AVX2 + FMA flags are applied on x86 to let the compiler auto-vectorize. The combined Cython directives (boundscheck=False, wraparound=False, cdivision=True, initializedcheck=False) eliminate nearly all Python overhead from the inner loop.

Testing against PyTorch and SciPy

Every supported mode is tested against the reference implementation it is supposed to match. For nearest, linear, area, and grid_sample, that’s PyTorch. For cubic, it’s SciPy. This isn’t just a correctness check — it’s also documentation. The test suite is the canonical statement of behavioral compatibility:

torch_output = F.interpolate(input, size, mode='trilinear', align_corners=False)
cython_output = volresample.resample(input, size, mode='linear')
assert np.allclose(torch_output.numpy(), cython_output, atol=1e-5)

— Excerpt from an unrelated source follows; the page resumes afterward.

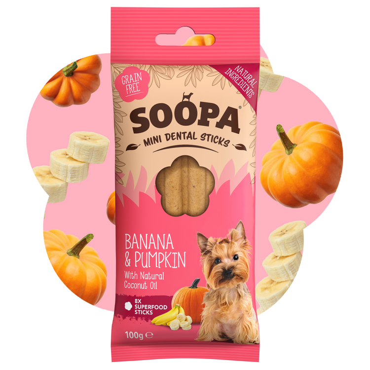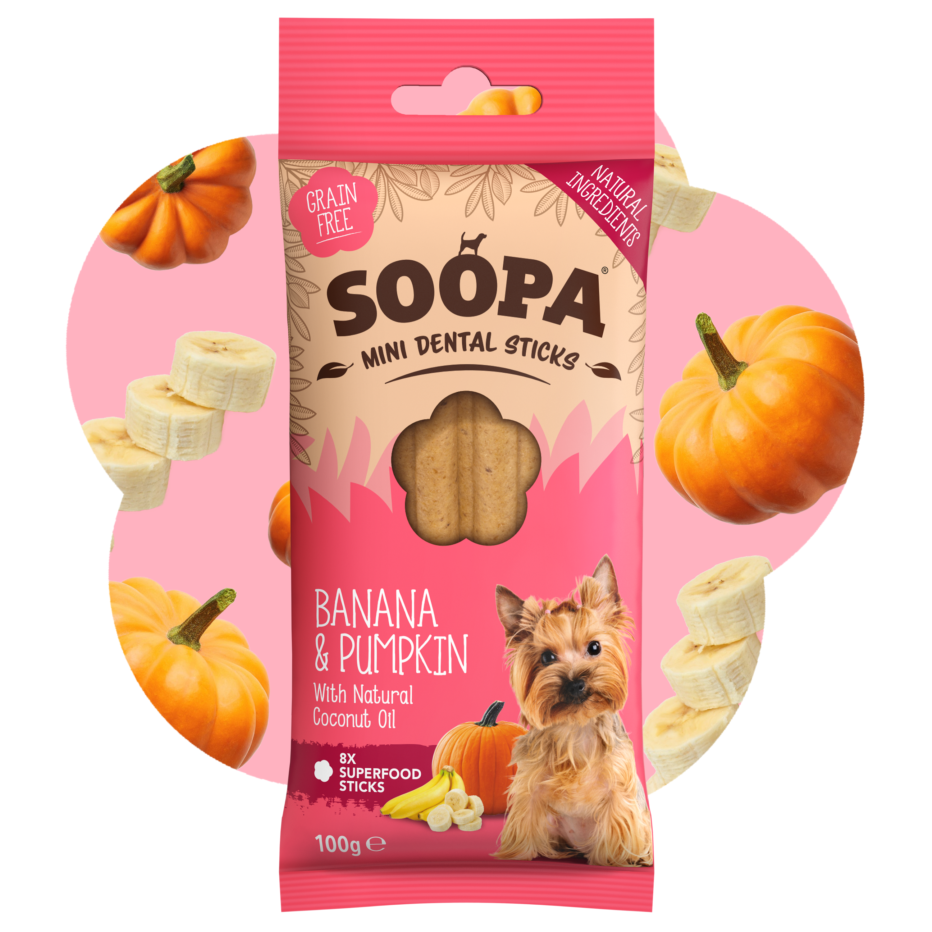 Soopa Dental Sticks are a hypoallergenic grain-free treat for the dog that loves to chew. Made using natural human-grade ingredients they help keep teeth clean and improve doggie breath. These sticks are bursting with vitamins & minerals and health benefits. Simple, delicious, nutritious and best of all dogs LOVE them!

scipy_output = zoom(input, zoom=factors, order=3, mode='reflect', grid_mode=True)
cython_output = volresample.resample(input, size, mode='cubic', align_corners=False)
assert np.allclose(scipy_output, cython_output, atol=1e-5)

What it doesn’t do

To be honest about scope:

No GPU. If your data is already on a CUDA device, use PyTorch. The library is for CPU workloads.
No 2D images. Not directly exposed in the API, but achievable via volumes with a singleton dimension (1, H, W). No multi-threading benefit in that case, though.
No autograd. It’s a NumPy library. There’s no gradient computation.
float32 only for trilinear/area. By design — interpolation in lower precision gives questionable results, especially for medical images where intensity values carry clinical meaning.
No complete duplication of the PyTorch or SciPy APIs. I still don’t want to carry over every historical quirk. linear is linear regardless of dimensionality, cubic is exposed as a single mode instead of mirroring SciPy’s broader spline API.

Thus:

PyTorch correspondence:

volresample	PyTorch `F.interpolate`
`mode='nearest'`	`mode='nearest-exact'`
`mode='linear', align_corners=False`	`mode='trilinear', align_corners=False`
`mode='linear', align_corners=True`	`mode='trilinear', align_corners=True`
`mode='area'`	`mode='area'`

volresample	PyTorch `F.grid_sample`
`mode='nearest'`	`mode='nearest'`
`mode='linear'`	`mode='bilinear'`

SciPy correspondence:

volresample	SciPy
`mode='cubic', align_corners=False`	`scipy.ndimage.zoom(order=3, mode='reflect', grid_mode=True)`
`mode='cubic', align_corners=True`	`scipy.ndimage.zoom(order=3, mode='reflect', grid_mode=False)`

Prior art

SciPy’s ndimage.zoom also does this and has been doing it for decades. The main differences: volresample is faster for the modes it supports, has explicit batched multi-channel support, matches PyTorch’s coordinate conventions for linear/grid sampling, and now has a cubic mode with an explicit SciPy correspondence instead of leaving users to guess how the coordinates line up.

SimpleITK’s ResampleImageFilter is the standard for actual clinical resampling and handles all the metadata correctly (spacing, direction cosines, etc.). volresample makes no attempt to handle image metadata — it’s a tensor operation, not a specific medical image processing library.

Closing

I’m not going to pretend this is a revolutionary piece of work. It’s a fairly small Cython library that does one thing well. But “one thing well” is exactly what some people might need.

If you’re building a medical imaging system in Python and your profiler keeps pointing at resampling, give it a try. If you find something wrong with the numerical results or the performance claims, I want to know.